The Harvard team had meetings with residents, and specifically chess players, in revising its plans, activist and City Council candidate James Williamson said.

“I think we were all quite surprised and pleased in general with the direction Harvard’s proposals have taken,” Williamson said. “There are a few details I think still worth exploring with Harvard and their team, but all in all I am certainly tempted to suggest we celebrate a largely very successful collective effort and actually thank Harvard – and especially Tanya Iatridis – for their, to me, surprising willingness to listen to the community in this case and actually hear so much of what we’ve been talking about.”

Iatridis is Harvard’s senior director of university planning; the project’s design architect is Hopkins Architects Partnership, and the executive architect is Bruner/Cott & Associates. Their revised designs, dated Oct. 1, are labeled as “modified … to address the community concerns.”

Williamson said in an email that putting the plaza at sidewalk level and making a “prong” of five chess tables projecting through the area’s dining tables were concerns best addressed with the architects at Harvard’s open house, scheduled for 5:30 p.m. Monday on the second floor above Cambridge Trust, 1336 Massachusetts Ave., on the plaza.

“We should also recognize the very important, public-interest-minded vigilance of the BZA, too, without which we wouldn’t have been here,” Williamson said, referring to the city’s Board of Zoning Appeal.

The entire 7 p.m. Thursday hearing of the board is to be used to discuss the plaza redesign.

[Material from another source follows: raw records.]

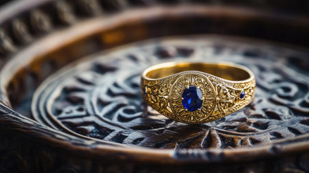 A captivating golden ring featuring intricate designs and a sparkling gemstone, resting elegantly on dark fabric, ideal for showcasing luxury jewelry.
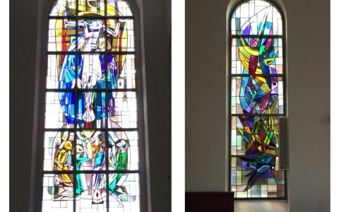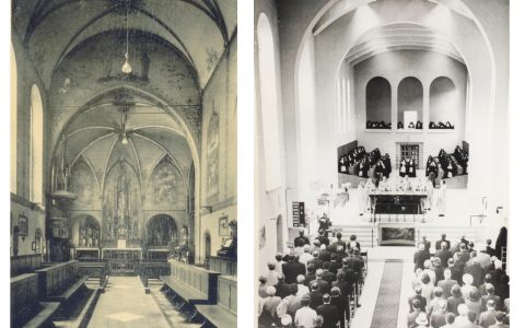 Het kerkschip (nu kerkzaal) is het koor van de oude minderbroederskerk (1670). In 1958 werd dit vergroot tot de huidige Kerk van de Verrezen Christus (n.o.v. René Van Steenbergen sr.). Het geheel werd hersteld na een zware brand in 1997.
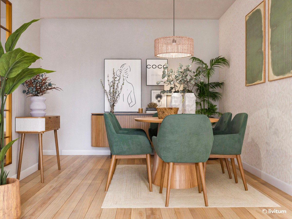 10. Si buscas un espacio con carácter y personalidad, añade un color de acento que destaque. Un precioso tono verde oscuro, por ejemplo, en las sillas del comedor.
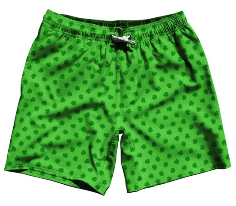ADULT 3X-LARGE- Ireland Irish Shamrock Clovers Swim Shorts 7.5" Made in USA - Green- Final Sale ZT981
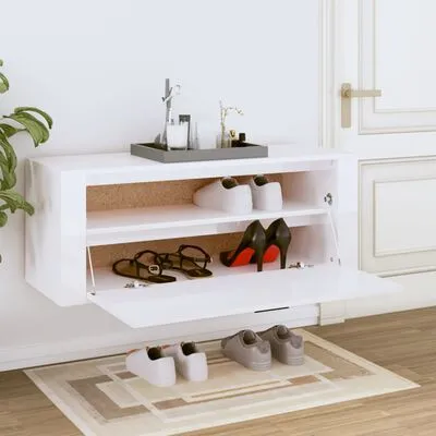 Met deze moderne en compacte schoenenkast voor aan de wand hoef je je nooit meer te ergeren aan rondslingerende schoenen!
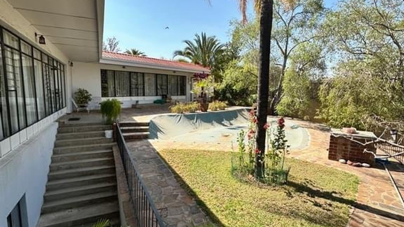 Additionally the house offers, a dedicated study and a wide comfortable passage to the bedrooms lead to the beautiful garden and pool area. The property includes a guest room with an en-suite bathroom, staff quarters, double garages, and a carport accommodating larger vehicles. Enjoy an abundance of fruit trees, three water tanks, and ample space for future expansion.
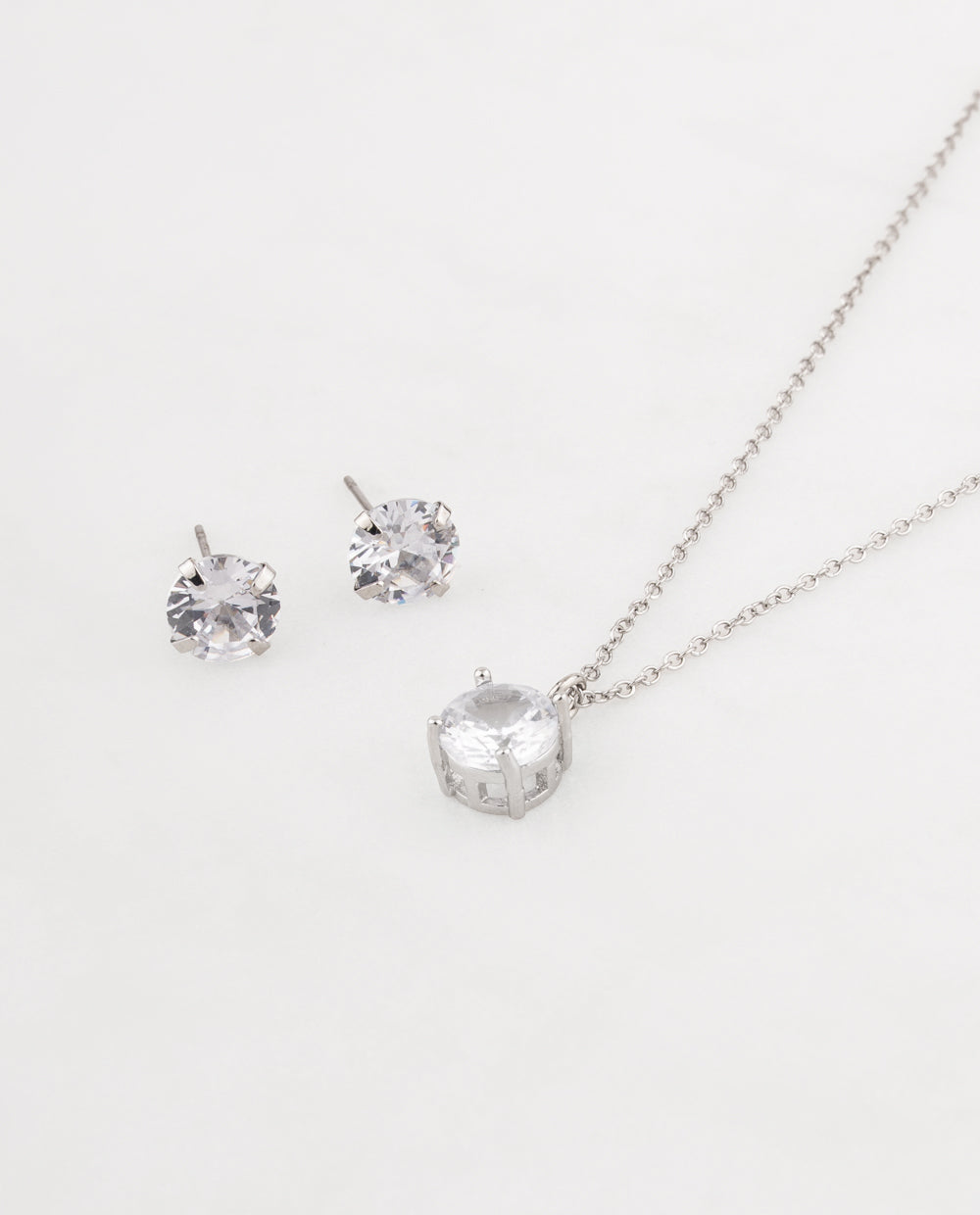 Set minimalista compuesto por collar y aretes con pedrería de zircón en corte redondo. Su diseño atemporal ilumina cualquier look, siendo perfecto tanto para el día a día como para una ocasión especial. Una pieza esencial que aporta brillo sutil y elegancia natural.
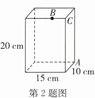 2. 如图,无盖长方体盒子的长为15cm,宽为10cm,高为20cm,若BC=5cm,一只蚂蚁沿着盒子的表面从A点爬到B点,需要爬行的最短路程为
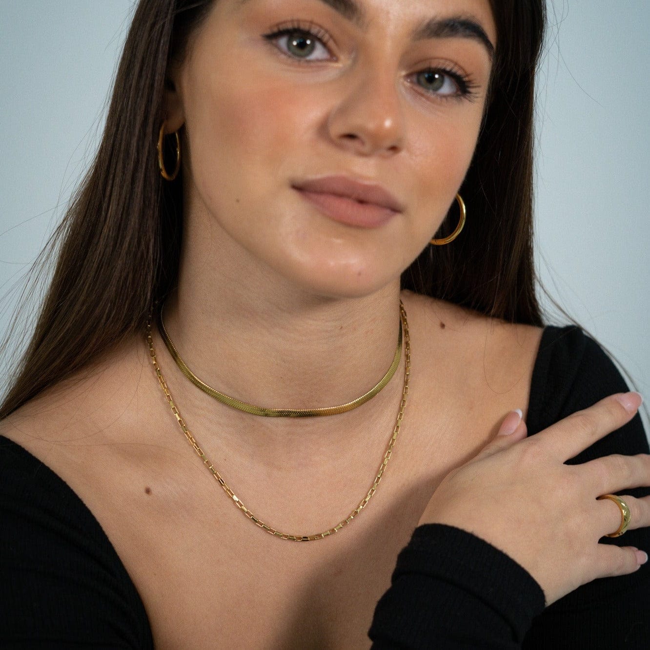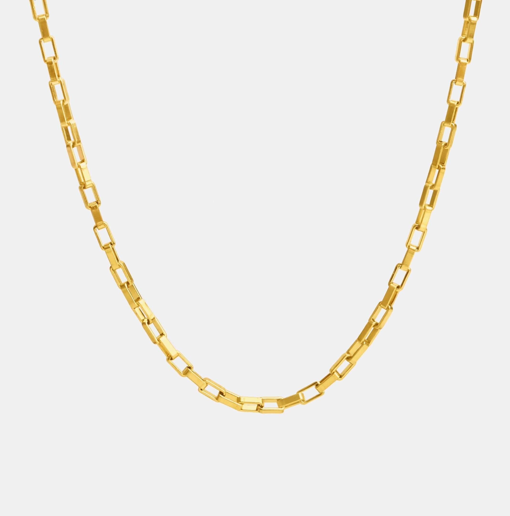 This strikingly beautiful women's necklace made of rectangular chains shines particularly brightly thanks to its delicate and simple design. Its simplicity allows for numerous layering options, accompanying you through everyday life in style. Let yourself be enchanted by this must-have!
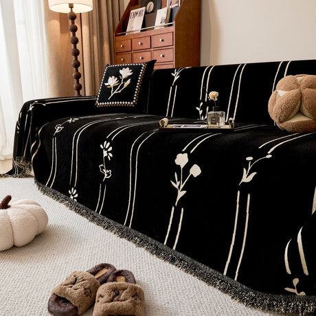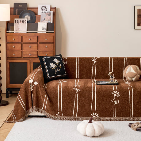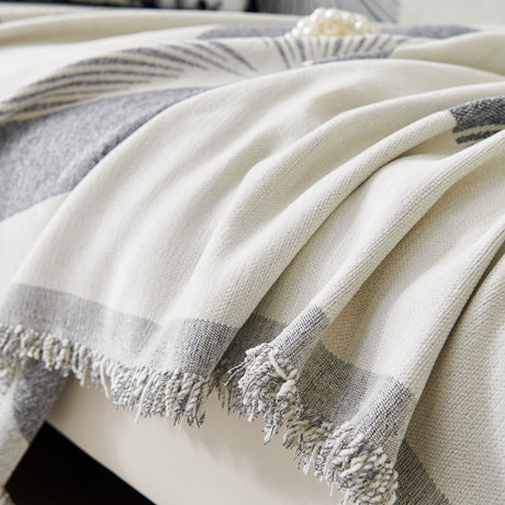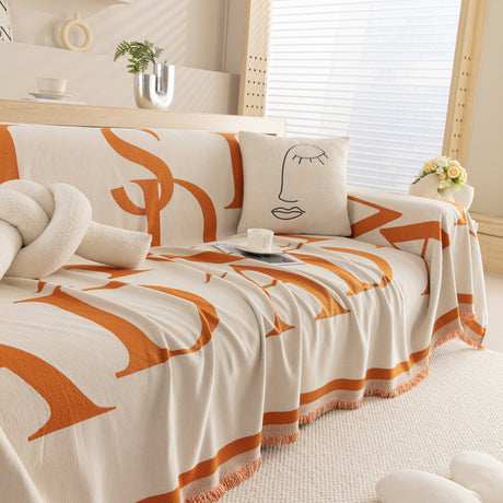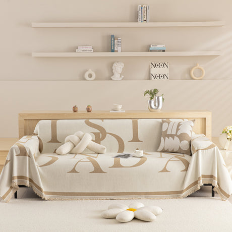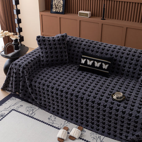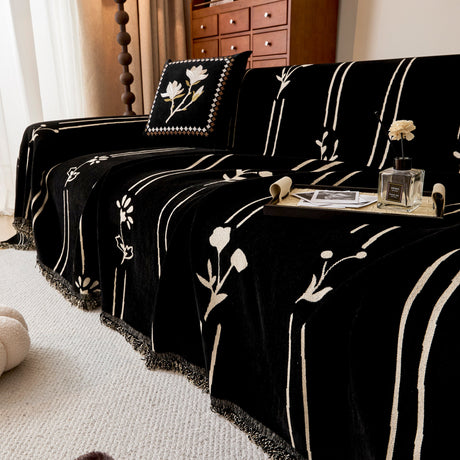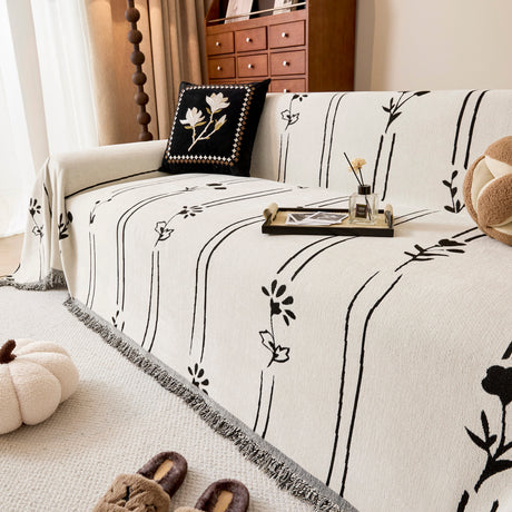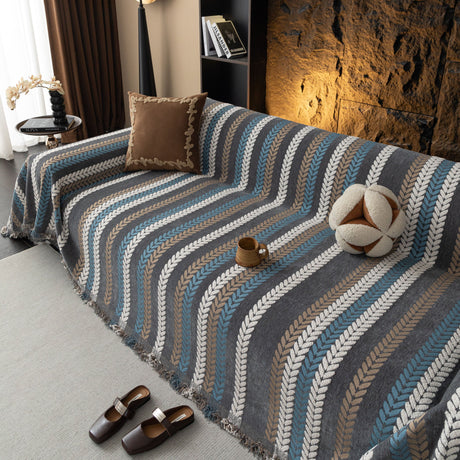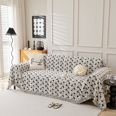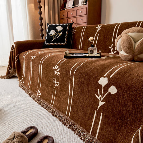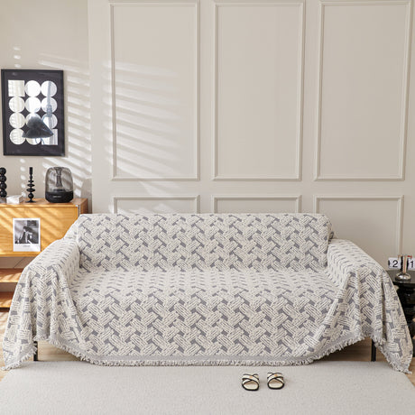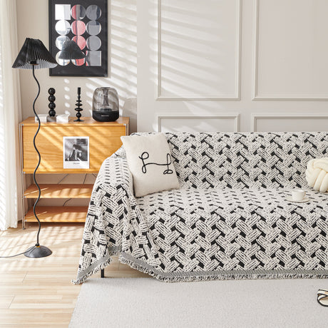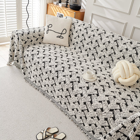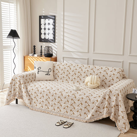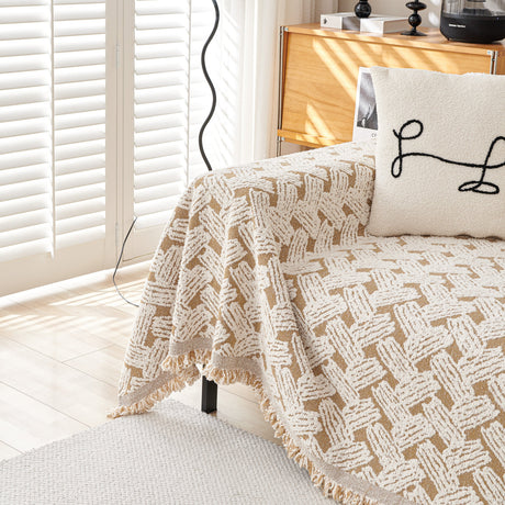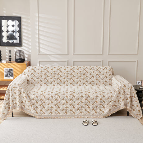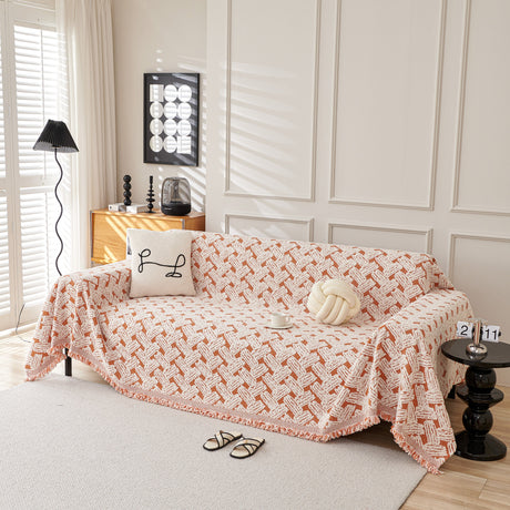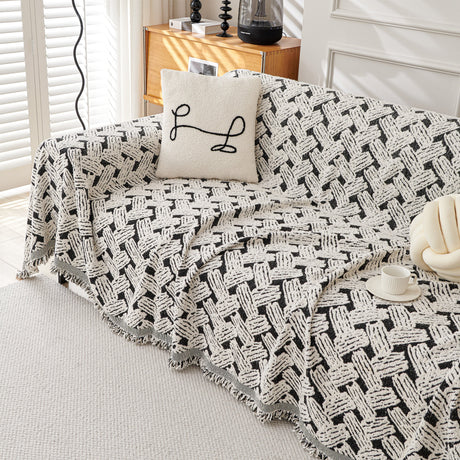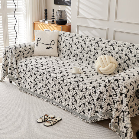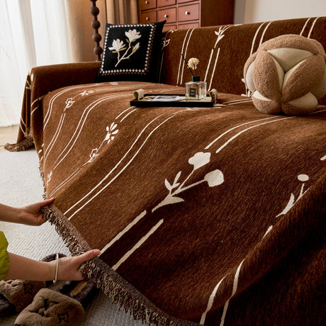 Chenille Jacquard Sofa Throw Cover with Tassel Soft Thick Couch Protector Blanket

In addition to the street-level changes, there were plans to install a “highly transparent projecting bay” at the plaza’s 10th-floor roofline so people using Harvard meeting and event spaces could look out over the plaza, Massachusetts Avenue and Harvard Yard. The university called it “a civic gesture to Harvard Square, creating a new beacon” at the roofline – but a revised design is set back above the building, creating a patio space rather than a projection. The new design doesn’t need a variance from the board, according to Harvard.